Department of Infectious Diseases, Hamamatsu University School of Medicine, 1-20-1 Higashi-ku, Handa-yama, Hamamatsu 431-3192, Japan.
Vaccine. 2010 Feb 23;28(8):2026-31. doi: 10.1016/j.vaccine.2009.10.063.
We identified a novel HLA-DR4-restricted CD4+ T-cell epitope on a secreted antigen of Mycobacterium tuberculosis, MPT51, in 004149-MM HLA-DR4-transgenic mice which express HLA-DRB1*0401, but not murine MHC class II molecules. The mice were immunized with plasmid DNA encoding MPT51 using gene gun and interferon (IFN)-gamma production from the immune splenocytes was analyzed. In response to overlapping synthetic peptides covering the mature MPT51 sequence, only one peptide, p191-210, stimulated the splenocytes to produce IFN-gamma. Further analysis using flow cytometry and computer-assisted algorithm, ProPred, narrowed down the region of CD4+ T-cell epitope to p191-202. The CD4+ T-cell epitope would be feasible for vaccine design against tuberculosis as well as for analysis of MPT51-specific T-cells in M. tuberculosis infection.

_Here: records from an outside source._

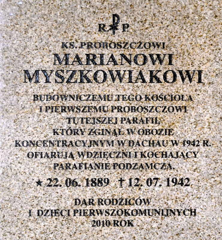 - Ks. Marian Myszkowiak – proboszcz z parafii Wieruszów – Podzamcze, zmarłego 12 VII 1942 r.
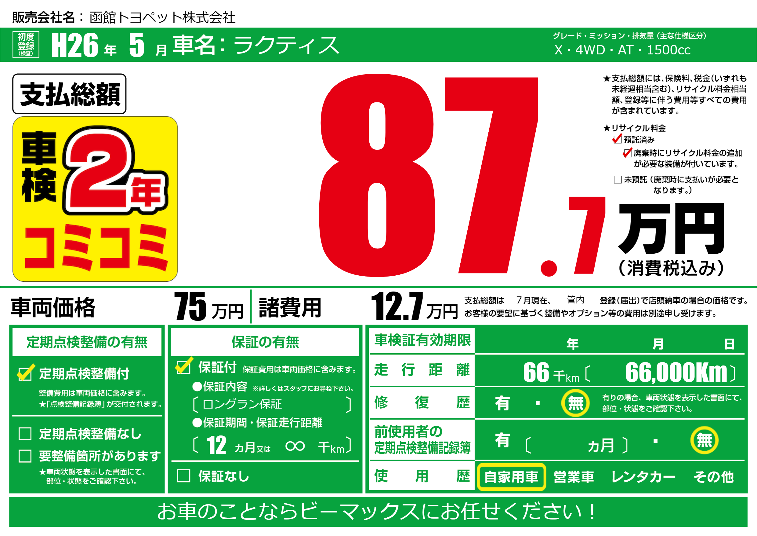 | 車名 | ラクティス | グレード ミッション 排気量 |
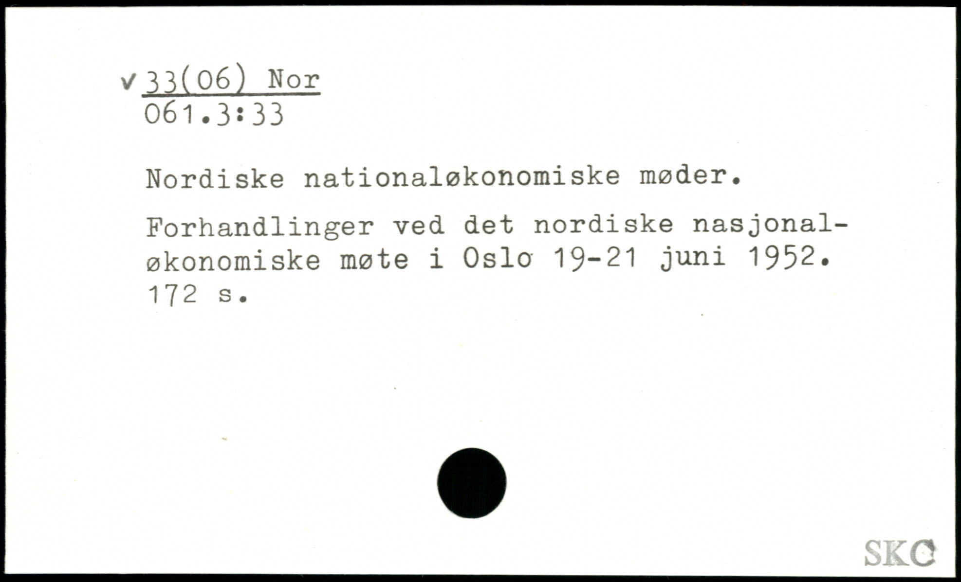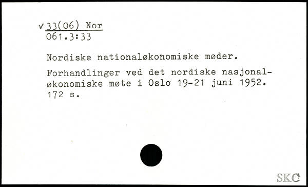 Nordiske nationaløkonomiske møder. Forhandlinger ved det nordiske nasjonal-økonomiske møte i Oslo 19-21 juni 1952.
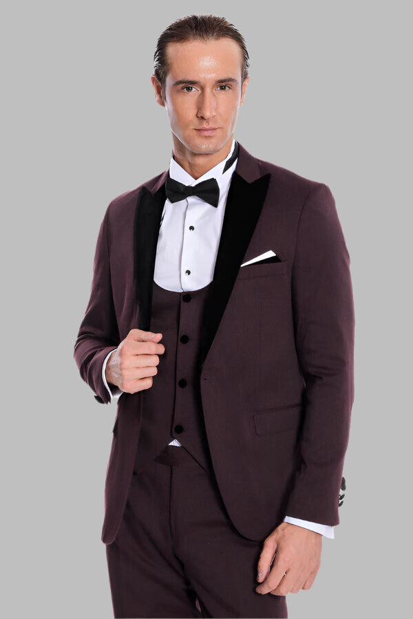 Velvet Lapel Slim Fit Burgundy Men...
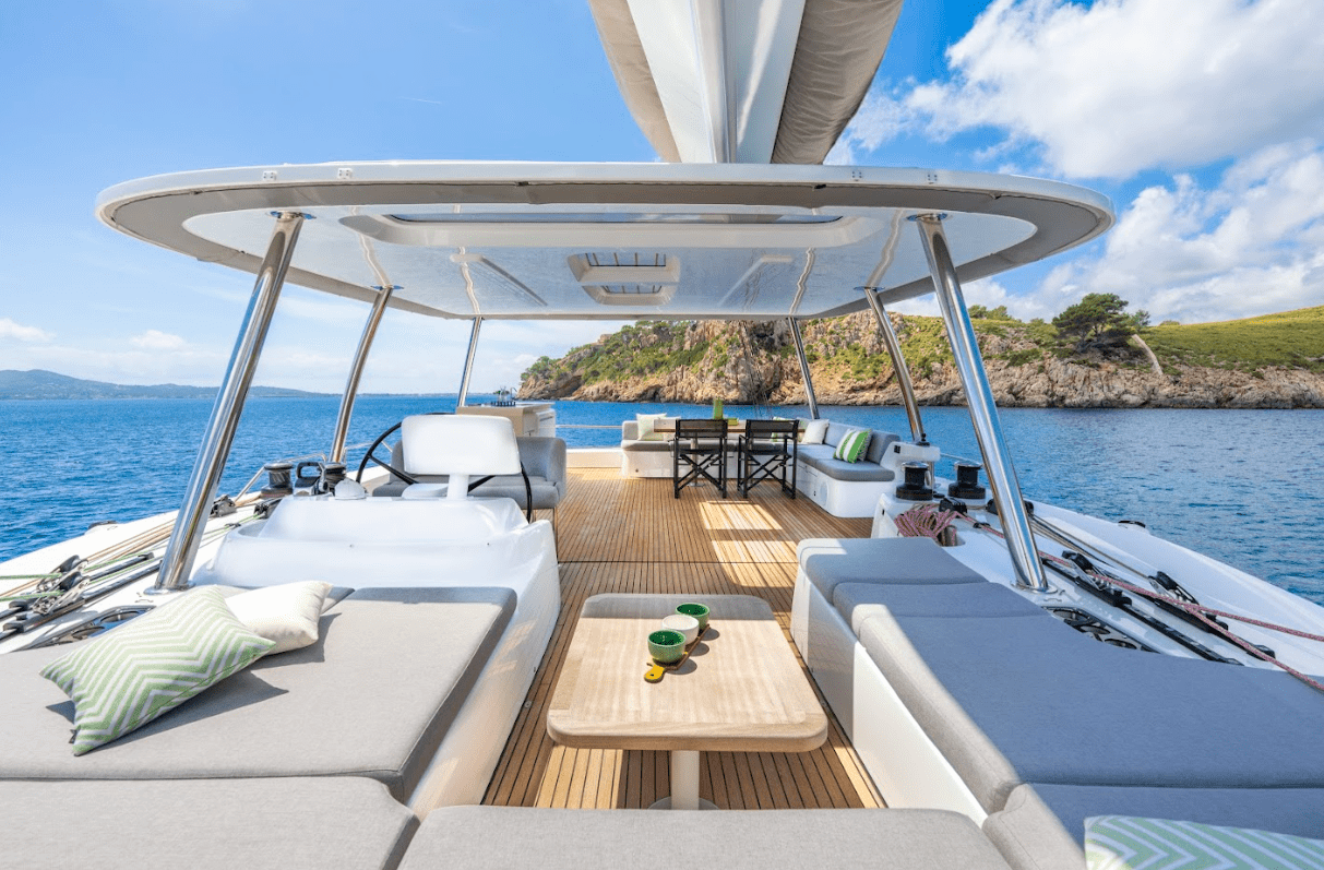 La terrasse arrière, avec sa grande table modulable et ses ailes rabattables – facilitant l’embarquement à quai – est une réussite. Quant à la plate-forme de bain pleine largeur, elle est incontournable. Le carré est tout aussi convaincant, surtout dans la version avec cuisine abaissée. L’espace comprend un comptoir/bar, moitié extérieur et moitié intérieur, où tous les invités à bord peuvent se retrouver pour une collation, ce qui est tout simplement génial. La table et le canapé sont très confortables et bénéficient d’une vue imprenable sur la mer.
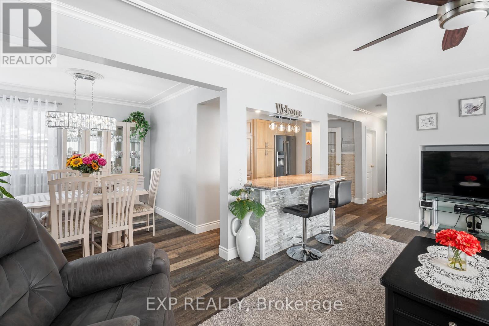 Pride of ownership shines in this beautiful bungalow. Tucked away on a quiet street, this versatile home features 3+2 bedrooms, 2 full bathrooms, and two separate kitchen areas - ideal for extended family or multi-generational living. The main level offers a bright welcoming living room complete with a natural gas fireplace. The kitchen is tastefully updated with granite countertops and matching backsplash. Downstairs, the finished lower level includes a private entrance to a self-contained 2-bedroom suite with its own kitchen, 4-piece bath, and laundry area. The property is equipped with 240-amp electrical service and an owned hot water heater. Outside, enjoy a stunning landscaped space featuring a large covered front porch, gazebo, two storage sheds, and a partially fenced 302-foot deep yard offering plenty of room to relax or entertain. The paved stone driveway fits up to six vehicles and is complemented by an attached double garage plus a detached single garage - perfect for extra storage, hobbies, or parking. Close to schools, parks, shopping, and everyday amenities, this well-maintained home offers space, flexibility, and long-term value in a peaceful setting. (id:64974)
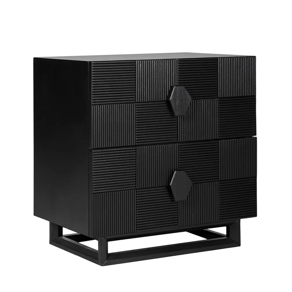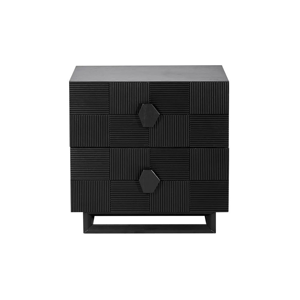 Elevate your bedroom with the Astoria Bedside Table - Large Black, a stunning two-drawer bedside Table. Crafted with an elegant black finish and intricate geometric detailing, this piece blends luxury and practicality. Spacious drawers offer convenient storage, while the sturdy open base provides visual balance, making it perfect for contemporary interiors.
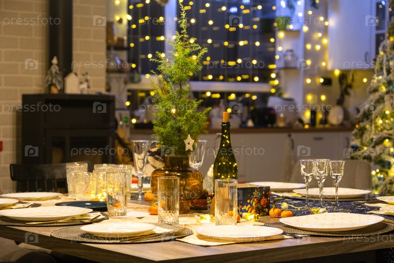 Праздничный интерьер дома украшен на Рождество и Новый год в стиле лофт с черной печью, камином, рождественской елкой. теплая комната-студия с установленным столом, горящей ёлкой, уют и отопление дома
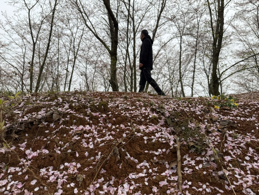 受近期降温天气影响,园区气温偏低,花瓣飘落速度加快,已无盛花期漫天花海的壮观景象,而林间地面被粉白落樱铺成浪漫“花毯”依然让前来的游客感受到别具风味的诗意。
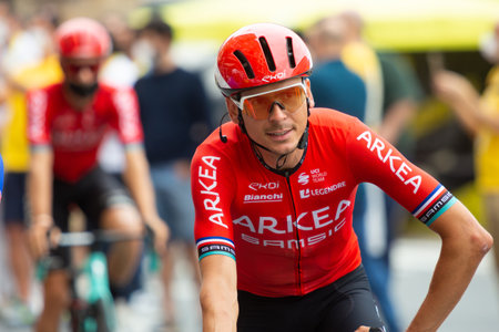 Bilbao, Spain - July 1, 2023: presentation of the Arkea-Samsic team in the first stage of the 2023 Tour with departure and arrival in Bilbao.
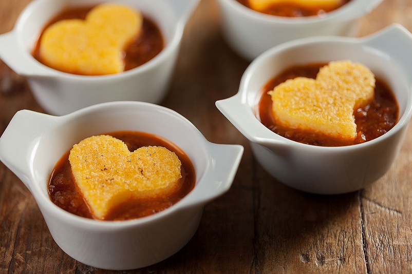 Polentinha vegana em formato de coração: feita com manteiga ghee pela chef Raphaela Homem de Melo.
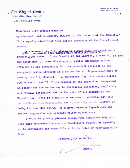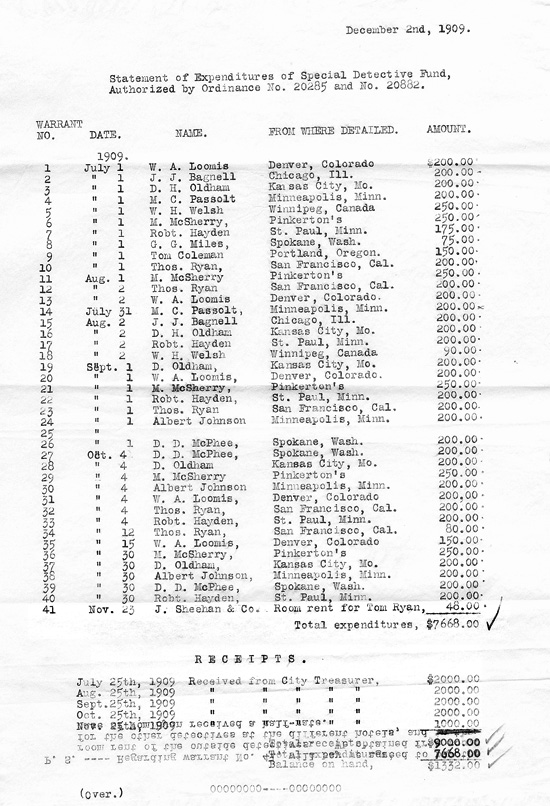 He wrote again on December 2, 1909, to thank the chairman of the Finance Committee for approving his request for additional detectives during the Exposition. He stated that the city was thus kept "free from crooks during the duration of the Fair; and Seattle has set a mark, that has been freely and extensively commented on in police circles all over the country, for the almost entire absence of crime." He provided a statement of expenditures which listed payments to the detectives, their names, and from where they were detailed. Several were from Pinkerton's, while others were from Denver, San Francisco, Kansas City, and St. Paul.
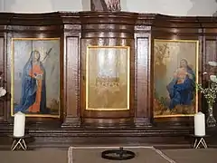 - L’autel tripartite date probablement du XVIIIe siècle. Un petit retable sur bois illustre en trois tableaux : l’Agneau pascal (au centre), la Vierge Marie dont le cœur est transpercé d’un glaive et Jésus en agonie auquel un ange présente un calice. Les panneaux peints et les boiseries ont également été restaurés.
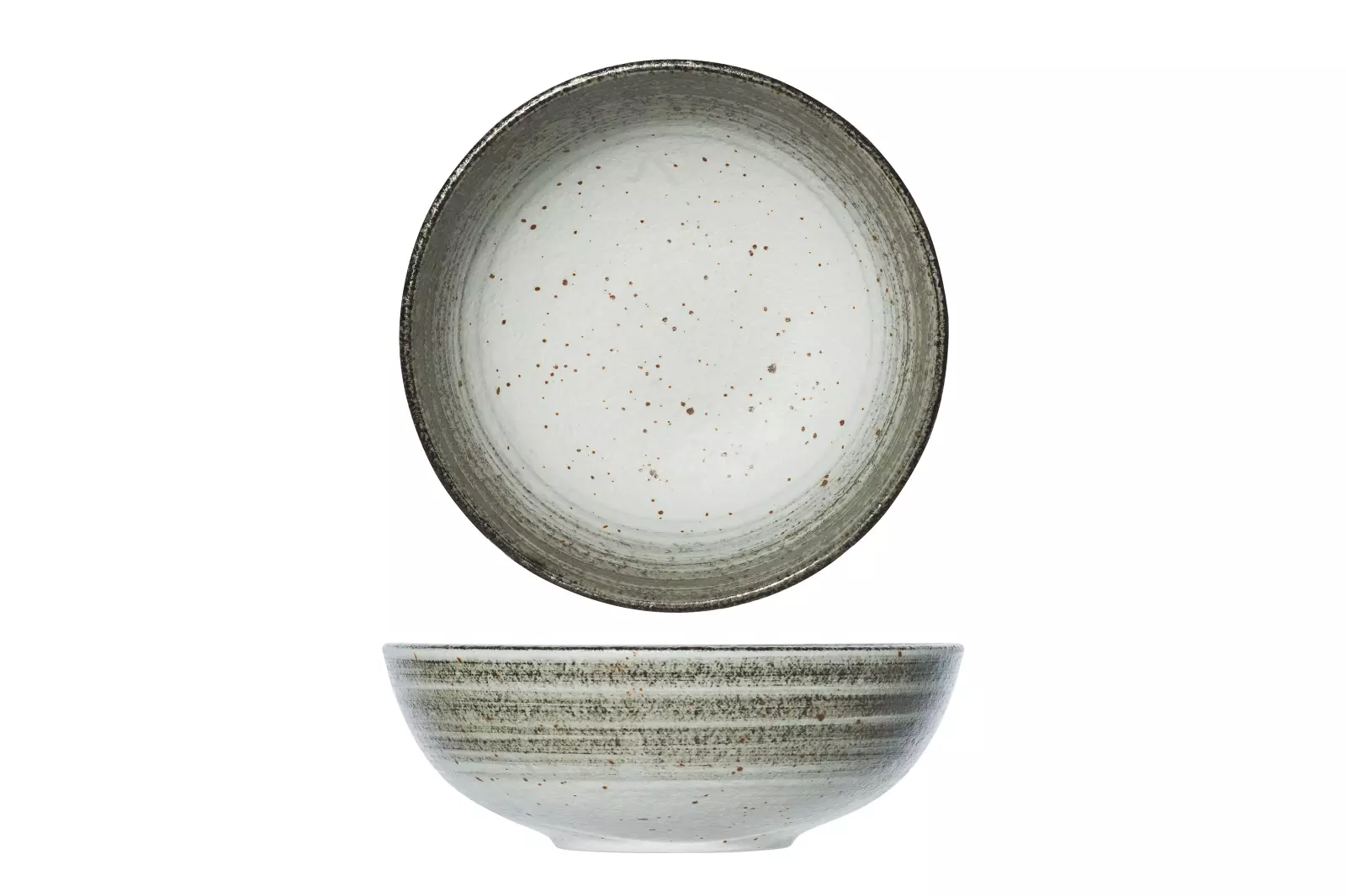 Splendido est une série de service fabriquée en grès dont surtout la surface rugueuse et granuleuse se fait remarquer.Les cercles concentriques plus foncés vers les bords et plus clairs vers le centre.
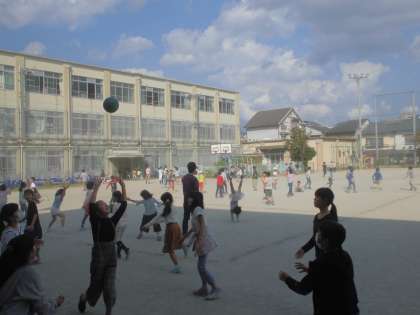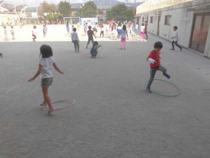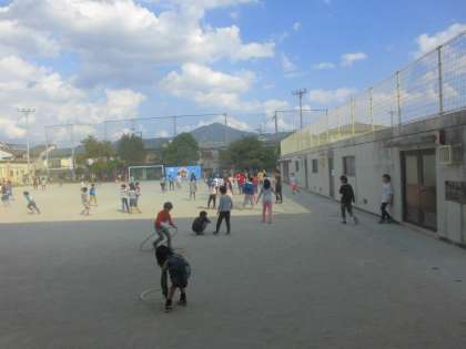 秋晴れのいい天気です。昼休みにはたくさんの子ども達が運動場にでて遊んでいました。クラスでドッジボールをして遊んだり,フラフープや一輪車で遊んだりする子ども達がいました。
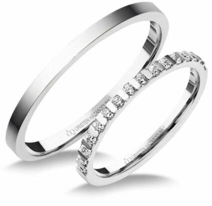 Vékony, klasszikus, fehér arany karikagyűrű. Fényes felülettel, a női gyűrű gyémánt kövekkel ékítve.
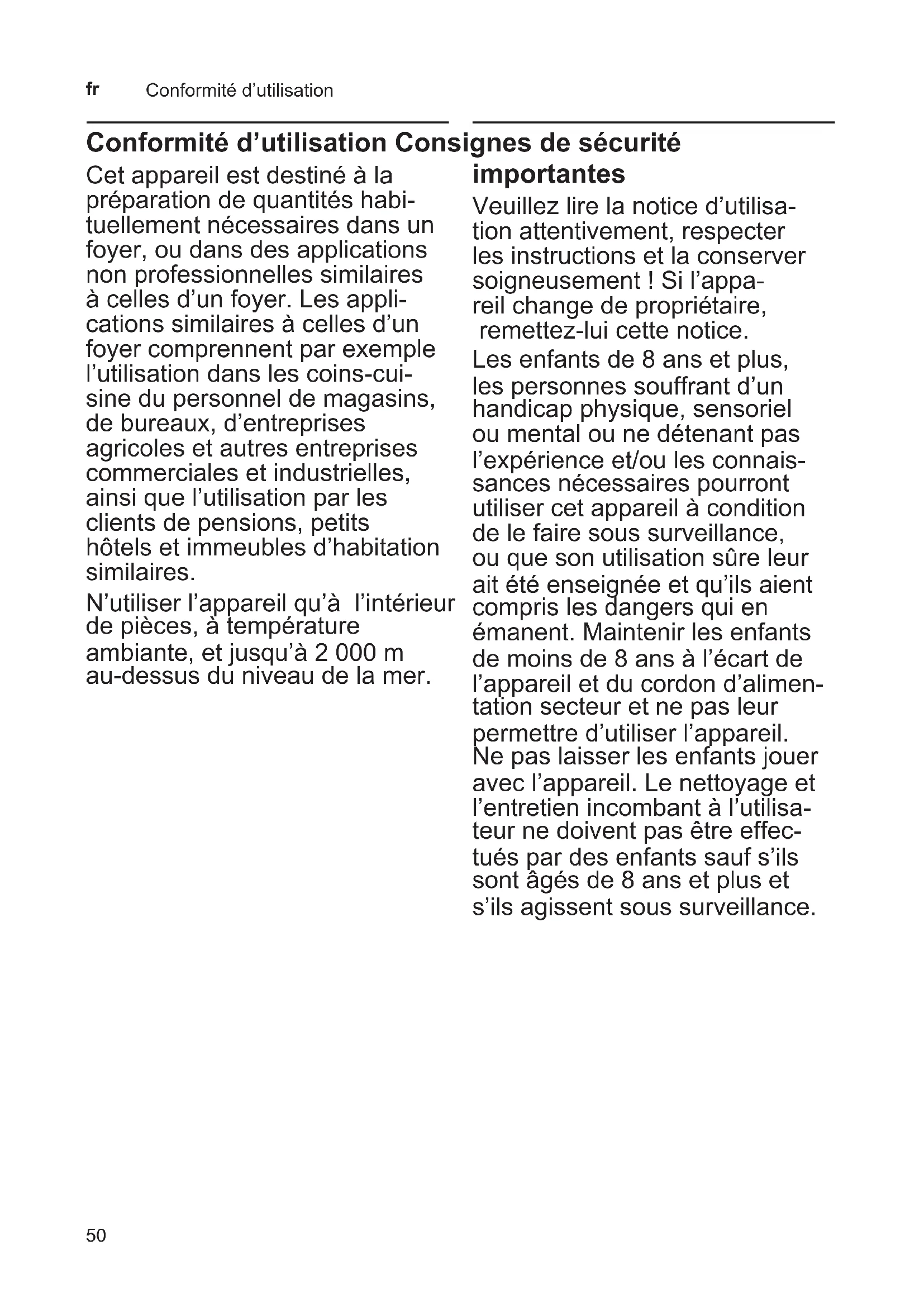 Conformité dʼutilisation Cet appareil est destiné à la préparation de quantités habi- tuellement nécessaires dans un foyer, ou dans des applications non professionnelles similaires à celles dʼun foyer. Les appli- cations similaires à celles dʼun foyer comprennent par exemple lʼutilisation dans les coins-cui- sine du personnel de magasins, de bureaux, dʼentreprises agricoles et autres entreprises commerciales et industrielles, ainsi que lʼutilisation par les clients de pensions, petits hôtels et immeubles dʼhabitation similaires. Nʼutiliser lʼappareil quʼà lʼintérieur de pièces, à température ambiante, et jusquʼà 2 000 m au-dessus du niveau de la mer. Consignes de sécurité importantes Veuillez lire la notice dʼutilisa- tion attentivement, respecter les instructions et la conserver soigneusement ! Si lʼappa- reil change de propriétaire, remettez-lui cette notice. Les enfants de 8 ans et plus, les personnes souffrant dʼun handicap physique, sensoriel ou mental ou ne détenant pas lʼexpérience et/ou les connais- sances nécessaires pourront utiliser cet appareil à condition de le faire sous surveillance, ou que son utilisation sûre leur ait été enseignée et quʼils aient compris les dangers qui en émanent. Maintenir les enfants de moins de 8 ans à lʼécart de lʼappareil et du cordon dʼalimen- tation secteur et ne pas leur permettre dʼutiliser lʼappareil. Ne pas laisser les enfants jouer avec lʼappareil. Le nettoyage et lʼentretien incombant à lʼutilisa- teur ne doivent pas être effec- tués par des enfants sauf sʼils sont âgés de 8 ans et plus et sʼils agissent sous surveillance. Conformité d’utilisation Conformité d’utilisation Consignes de sécurité importantes51
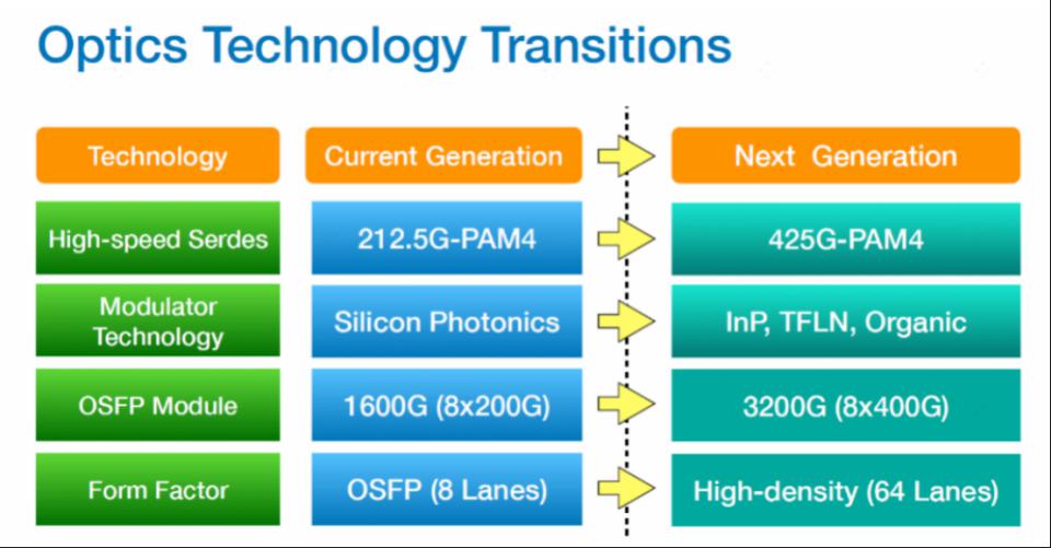 其中,Arista 讨论了下一代 400G 代际光学互连技术,阐述了光侧接口需要 PAM4 调制来达成较好的 OSNR,电侧接口需要优化 PAM4 SerDes 来达成系统最优,因为如果电侧接口为 PAM6 调制,则额外需要一个高功耗的 Gearbox。另外对于光侧的调制技术,传统 SiPh 受限于带宽也需要 InP、TFLN 等调制技术。

我们在 004149-MM HLA-DR4 转基因小鼠中鉴定出一种新型结核分枝杆菌分泌抗原 MPT51 的 HLA-DR4 限制性 CD4+ T 细胞表位,该小鼠表达 HLA-DRB1*0401,但不表达鼠 MHC 类 II 分子。用基因枪将编码 MPT51 的质粒 DNA 免疫小鼠,分析免疫脾细胞产生的干扰素 (IFN)-γ。针对覆盖成熟 MPT51 序列的重叠合成肽,只有一个肽,p191-210,刺激脾细胞产生 IFN-γ。使用流式细胞术和计算机辅助算法 ProPred 进一步分析,将 CD4+ T 细胞表位的区域缩小到 p191-202。该 CD4+ T 细胞表位可用于结核病疫苗设计以及结核分枝杆菌感染中 MPT51 特异性 T 细胞的分析。